• _Task item_
Print exactly the line that contains "Le complément alimentaire", then every following line through the end of the material; include nothing else and no pictures.

• _Provided data_
■ ■ ■

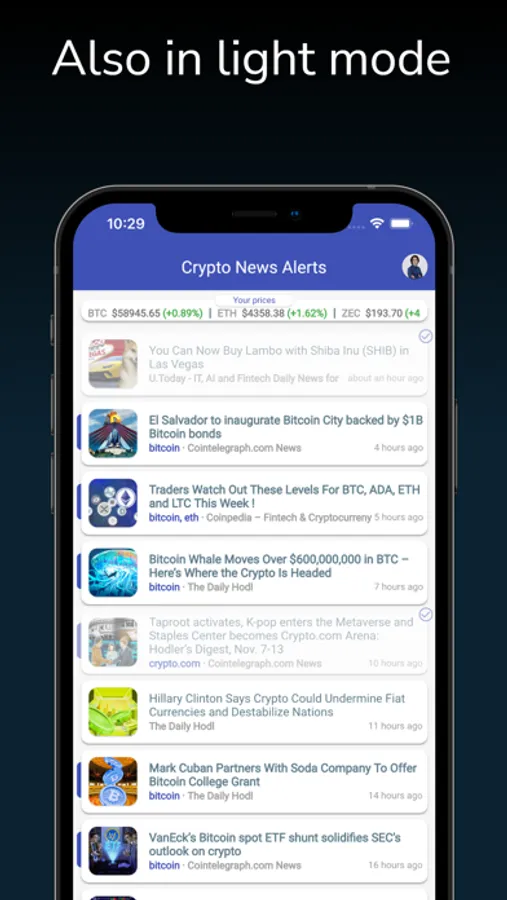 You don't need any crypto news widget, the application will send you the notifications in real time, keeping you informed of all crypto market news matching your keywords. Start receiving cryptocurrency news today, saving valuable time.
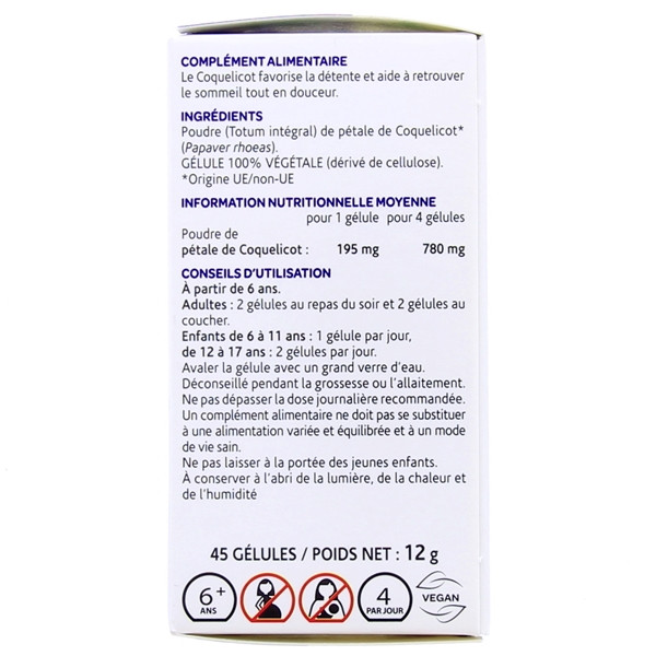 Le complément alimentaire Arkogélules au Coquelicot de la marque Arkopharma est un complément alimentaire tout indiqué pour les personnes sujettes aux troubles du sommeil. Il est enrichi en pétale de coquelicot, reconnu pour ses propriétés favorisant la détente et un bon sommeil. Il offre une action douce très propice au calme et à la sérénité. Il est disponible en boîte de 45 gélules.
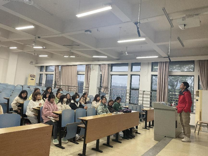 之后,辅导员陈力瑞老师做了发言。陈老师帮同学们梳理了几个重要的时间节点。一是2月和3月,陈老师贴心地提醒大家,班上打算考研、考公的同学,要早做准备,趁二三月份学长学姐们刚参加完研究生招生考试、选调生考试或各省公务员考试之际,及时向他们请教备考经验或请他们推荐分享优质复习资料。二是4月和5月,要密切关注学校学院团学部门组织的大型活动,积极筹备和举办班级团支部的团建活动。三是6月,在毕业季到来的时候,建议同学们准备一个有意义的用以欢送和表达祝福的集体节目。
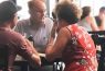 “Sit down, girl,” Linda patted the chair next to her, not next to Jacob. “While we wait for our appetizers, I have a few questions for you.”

■ ■ ■

• _Result of this task_
 Le complément alimentaire Arkogélules au Coquelicot de la marque Arkopharma est un complément alimentaire tout indiqué pour les personnes sujettes aux troubles du sommeil. Il est enrichi en pétale de coquelicot, reconnu pour ses propriétés favorisant la détente et un bon sommeil. Il offre une action douce très propice au calme et à la sérénité. Il est disponible en boîte de 45 gélules.
 之后,辅导员陈力瑞老师做了发言。陈老师帮同学们梳理了几个重要的时间节点。一是2月和3月,陈老师贴心地提醒大家,班上打算考研、考公的同学,要早做准备,趁二三月份学长学姐们刚参加完研究生招生考试、选调生考试或各省公务员考试之际,及时向他们请教备考经验或请他们推荐分享优质复习资料。二是4月和5月,要密切关注学校学院团学部门组织的大型活动,积极筹备和举办班级团支部的团建活动。三是6月,在毕业季到来的时候,建议同学们准备一个有意义的用以欢送和表达祝福的集体节目。
 “Sit down, girl,” Linda patted the chair next to her, not next to Jacob. “While we wait for our appetizers, I have a few questions for you.”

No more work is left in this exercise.